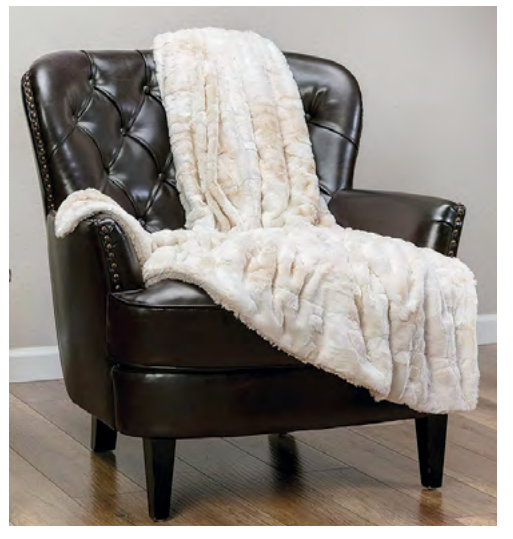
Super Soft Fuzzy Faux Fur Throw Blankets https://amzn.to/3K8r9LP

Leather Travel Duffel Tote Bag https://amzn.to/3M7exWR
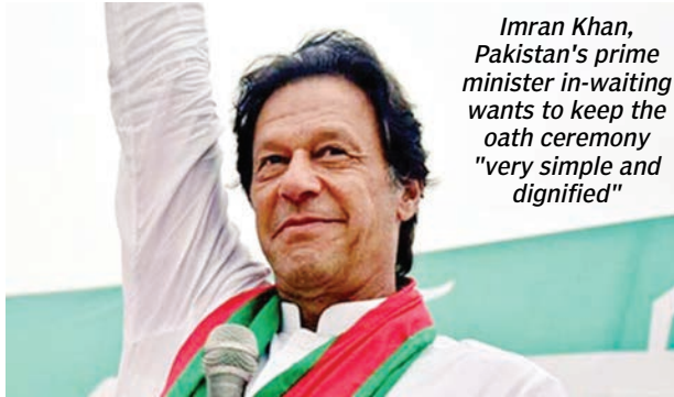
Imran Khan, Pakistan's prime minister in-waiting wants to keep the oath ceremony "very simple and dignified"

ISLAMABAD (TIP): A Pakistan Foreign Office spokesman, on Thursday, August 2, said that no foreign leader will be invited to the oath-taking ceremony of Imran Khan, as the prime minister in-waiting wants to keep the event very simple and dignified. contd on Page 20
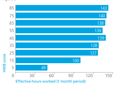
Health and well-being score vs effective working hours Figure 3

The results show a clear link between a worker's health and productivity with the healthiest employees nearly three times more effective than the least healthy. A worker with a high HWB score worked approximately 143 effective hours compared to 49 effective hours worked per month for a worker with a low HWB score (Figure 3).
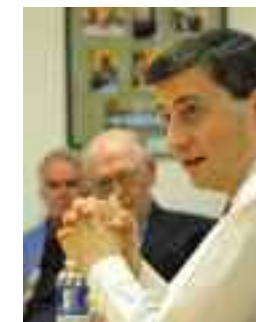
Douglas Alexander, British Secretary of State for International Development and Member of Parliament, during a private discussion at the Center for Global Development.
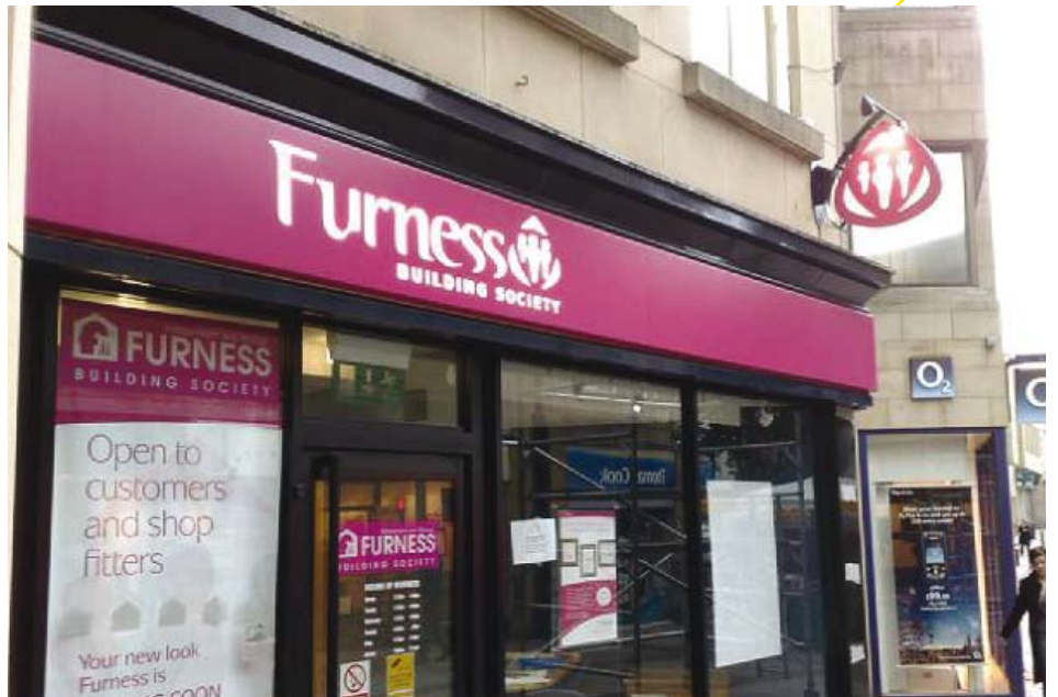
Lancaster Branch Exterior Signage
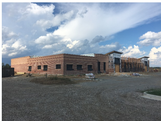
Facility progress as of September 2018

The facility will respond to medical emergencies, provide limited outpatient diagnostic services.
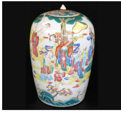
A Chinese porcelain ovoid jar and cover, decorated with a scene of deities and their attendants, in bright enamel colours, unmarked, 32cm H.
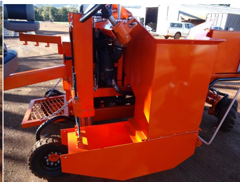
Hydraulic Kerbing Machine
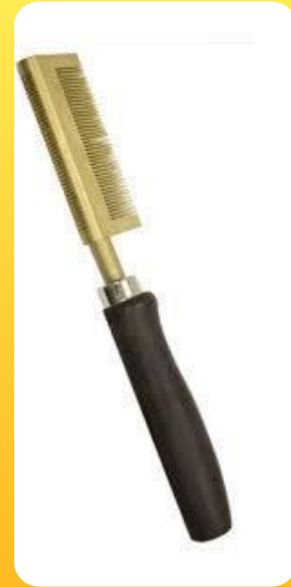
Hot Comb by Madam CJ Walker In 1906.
***
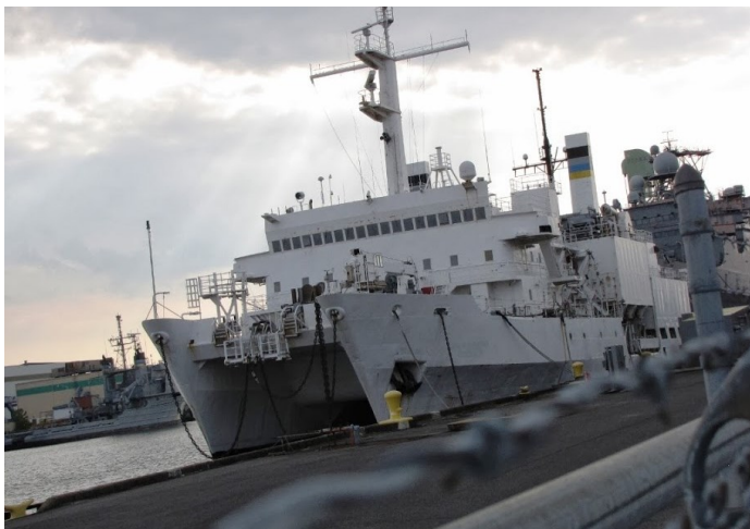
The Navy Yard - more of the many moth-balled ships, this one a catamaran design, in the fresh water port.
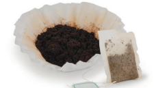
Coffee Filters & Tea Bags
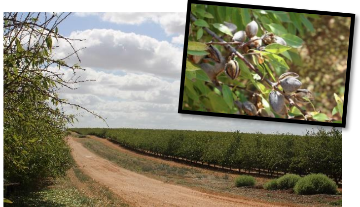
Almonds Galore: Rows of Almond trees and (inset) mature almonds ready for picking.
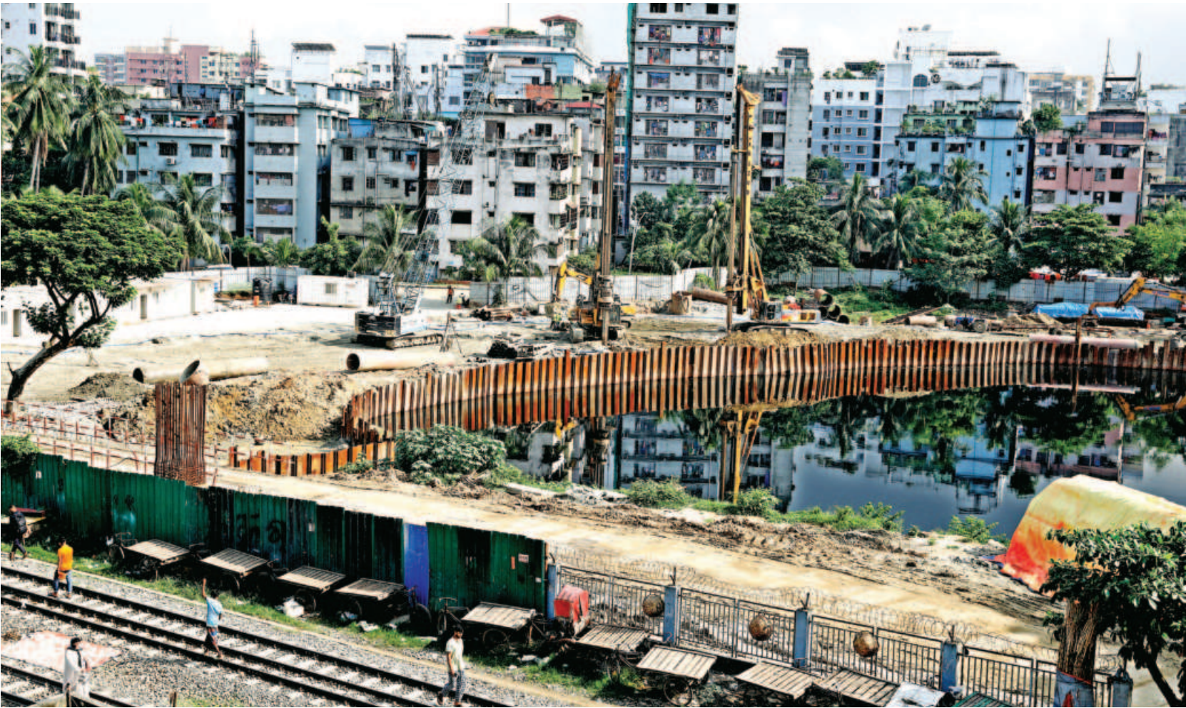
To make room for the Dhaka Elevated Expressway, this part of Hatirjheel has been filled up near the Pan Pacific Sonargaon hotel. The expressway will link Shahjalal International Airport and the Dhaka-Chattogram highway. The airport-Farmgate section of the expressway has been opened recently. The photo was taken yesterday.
***
◆ **WHAT IS EXPECTED**
In the material above, one part opens with the line containing "Leather Travel Duffel" and closes with the line containing "Hot Comb by Madam CJ Walker In 1906.". Write out that part exactly and skip its pictures.

◆ **REPLY**
Leather Travel Duffel Tote Bag https://amzn.to/3M7exWR
Imran Khan, Pakistan's prime minister in-waiting wants to keep the oath ceremony "very simple and dignified"

ISLAMABAD (TIP): A Pakistan Foreign Office spokesman, on Thursday, August 2, said that no foreign leader will be invited to the oath-taking ceremony of Imran Khan, as the prime minister in-waiting wants to keep the event very simple and dignified. contd on Page 20
Health and well-being score vs effective working hours Figure 3

The results show a clear link between a worker's health and productivity with the healthiest employees nearly three times more effective than the least healthy. A worker with a high HWB score worked approximately 143 effective hours compared to 49 effective hours worked per month for a worker with a low HWB score (Figure 3).
Douglas Alexander, British Secretary of State for International Development and Member of Parliament, during a private discussion at the Center for Global Development.
Lancaster Branch Exterior Signage
Facility progress as of September 2018

The facility will respond to medical emergencies, provide limited outpatient diagnostic services.
A Chinese porcelain ovoid jar and cover, decorated with a scene of deities and their attendants, in bright enamel colours, unmarked, 32cm H.
Hydraulic Kerbing Machine
Hot Comb by Madam CJ Walker In 1906.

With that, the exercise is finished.